Records shown:
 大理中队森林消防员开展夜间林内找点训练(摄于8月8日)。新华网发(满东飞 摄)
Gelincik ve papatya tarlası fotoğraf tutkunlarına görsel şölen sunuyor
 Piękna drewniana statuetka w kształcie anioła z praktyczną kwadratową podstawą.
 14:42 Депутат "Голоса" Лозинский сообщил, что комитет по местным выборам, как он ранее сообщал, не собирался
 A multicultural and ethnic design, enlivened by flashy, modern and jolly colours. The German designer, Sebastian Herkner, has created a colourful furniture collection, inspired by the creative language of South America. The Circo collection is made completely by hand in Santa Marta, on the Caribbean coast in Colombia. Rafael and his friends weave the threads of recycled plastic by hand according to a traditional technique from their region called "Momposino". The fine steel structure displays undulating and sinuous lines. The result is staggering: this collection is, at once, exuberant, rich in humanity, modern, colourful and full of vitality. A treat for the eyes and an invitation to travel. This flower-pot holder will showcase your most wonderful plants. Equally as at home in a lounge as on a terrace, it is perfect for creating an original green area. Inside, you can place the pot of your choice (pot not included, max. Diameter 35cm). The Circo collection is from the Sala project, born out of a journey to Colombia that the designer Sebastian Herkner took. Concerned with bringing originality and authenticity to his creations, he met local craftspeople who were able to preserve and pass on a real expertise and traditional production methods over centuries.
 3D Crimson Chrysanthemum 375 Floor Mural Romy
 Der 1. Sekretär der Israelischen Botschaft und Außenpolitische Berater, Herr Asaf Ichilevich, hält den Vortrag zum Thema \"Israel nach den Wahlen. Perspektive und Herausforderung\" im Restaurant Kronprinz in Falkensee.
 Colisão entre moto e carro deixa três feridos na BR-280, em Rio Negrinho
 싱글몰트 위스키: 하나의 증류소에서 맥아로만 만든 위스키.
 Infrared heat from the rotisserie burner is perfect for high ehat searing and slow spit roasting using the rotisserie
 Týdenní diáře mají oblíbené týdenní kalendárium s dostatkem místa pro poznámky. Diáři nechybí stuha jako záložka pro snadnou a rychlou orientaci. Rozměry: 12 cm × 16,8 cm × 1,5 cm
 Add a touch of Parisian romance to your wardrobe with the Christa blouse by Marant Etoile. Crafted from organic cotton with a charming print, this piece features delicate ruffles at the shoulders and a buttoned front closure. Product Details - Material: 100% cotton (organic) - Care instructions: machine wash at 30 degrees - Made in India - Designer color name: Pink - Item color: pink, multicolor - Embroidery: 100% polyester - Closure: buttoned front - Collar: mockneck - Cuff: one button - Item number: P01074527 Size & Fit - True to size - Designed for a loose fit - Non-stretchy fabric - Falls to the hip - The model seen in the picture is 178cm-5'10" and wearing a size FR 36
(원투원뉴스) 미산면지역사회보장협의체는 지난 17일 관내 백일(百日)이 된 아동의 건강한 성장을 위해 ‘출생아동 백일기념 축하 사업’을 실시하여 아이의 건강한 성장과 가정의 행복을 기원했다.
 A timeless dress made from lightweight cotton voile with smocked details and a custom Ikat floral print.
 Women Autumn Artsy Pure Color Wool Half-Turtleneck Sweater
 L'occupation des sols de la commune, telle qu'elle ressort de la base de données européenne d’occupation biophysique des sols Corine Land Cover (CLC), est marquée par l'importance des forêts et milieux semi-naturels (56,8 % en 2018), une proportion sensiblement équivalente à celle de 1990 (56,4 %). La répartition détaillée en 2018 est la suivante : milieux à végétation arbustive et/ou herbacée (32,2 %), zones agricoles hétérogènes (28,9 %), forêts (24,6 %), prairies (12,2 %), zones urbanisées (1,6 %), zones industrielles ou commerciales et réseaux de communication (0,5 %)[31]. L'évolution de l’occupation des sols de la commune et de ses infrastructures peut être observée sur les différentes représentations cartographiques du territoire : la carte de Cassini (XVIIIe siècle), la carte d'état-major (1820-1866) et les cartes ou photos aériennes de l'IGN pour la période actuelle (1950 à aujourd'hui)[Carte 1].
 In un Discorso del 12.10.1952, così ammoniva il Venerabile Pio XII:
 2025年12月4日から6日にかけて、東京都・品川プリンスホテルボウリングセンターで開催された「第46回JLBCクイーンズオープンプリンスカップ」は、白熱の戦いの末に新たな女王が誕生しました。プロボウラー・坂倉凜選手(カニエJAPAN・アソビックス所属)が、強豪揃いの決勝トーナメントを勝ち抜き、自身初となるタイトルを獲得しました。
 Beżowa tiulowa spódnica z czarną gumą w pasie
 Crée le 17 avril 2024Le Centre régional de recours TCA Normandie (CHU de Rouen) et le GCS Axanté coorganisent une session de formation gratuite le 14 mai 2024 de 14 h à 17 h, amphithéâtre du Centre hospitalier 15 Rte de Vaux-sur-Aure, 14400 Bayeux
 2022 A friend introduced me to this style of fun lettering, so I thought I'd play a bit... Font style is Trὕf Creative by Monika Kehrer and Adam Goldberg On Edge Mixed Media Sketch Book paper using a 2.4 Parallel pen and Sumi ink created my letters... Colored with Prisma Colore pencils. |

Directions: An exact copy of the lines above, from the one containing "3D Crimson Chrysanthemum" down to the one containing "Týdenní diáře mají" and including both, is the whole answer; retype it and nothing else.

Solution:
 3D Crimson Chrysanthemum 375 Floor Mural Romy
 Der 1. Sekretär der Israelischen Botschaft und Außenpolitische Berater, Herr Asaf Ichilevich, hält den Vortrag zum Thema \"Israel nach den Wahlen. Perspektive und Herausforderung\" im Restaurant Kronprinz in Falkensee.
 Colisão entre moto e carro deixa três feridos na BR-280, em Rio Negrinho
 싱글몰트 위스키: 하나의 증류소에서 맥아로만 만든 위스키.
 Infrared heat from the rotisserie burner is perfect for high ehat searing and slow spit roasting using the rotisserie
 Týdenní diáře mají oblíbené týdenní kalendárium s dostatkem místa pro poznámky. Diáři nechybí stuha jako záložka pro snadnou a rychlou orientaci. Rozměry: 12 cm × 16,8 cm × 1,5 cm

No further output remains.